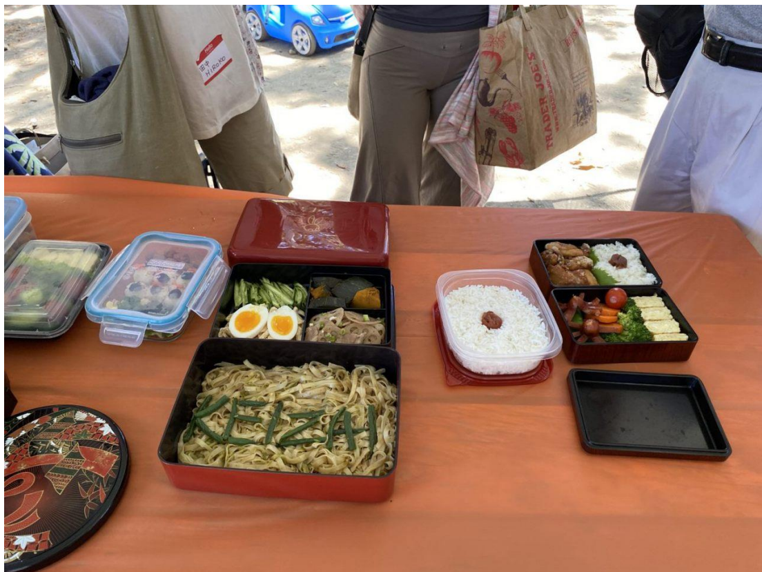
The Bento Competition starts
-------------------------
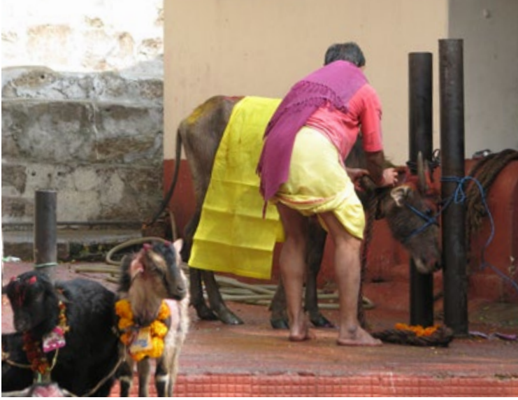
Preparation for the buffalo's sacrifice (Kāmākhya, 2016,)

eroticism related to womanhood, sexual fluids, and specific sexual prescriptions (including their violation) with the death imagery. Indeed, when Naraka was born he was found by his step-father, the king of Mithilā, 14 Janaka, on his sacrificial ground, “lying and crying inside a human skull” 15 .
-------------------------
What to do: Copy back the listing above exactly, but only from the line with "Preparation for the" through the line with "eroticism related to", both ends included.

Written solution:
Preparation for the buffalo's sacrifice (Kāmākhya, 2016,)

eroticism related to womanhood, sexual fluids, and specific sexual prescriptions (including their violation) with the death imagery. Indeed, when Naraka was born he was found by his step-father, the king of Mithilā, 14 Janaka, on his sacrificial ground, “lying and crying inside a human skull” 15 .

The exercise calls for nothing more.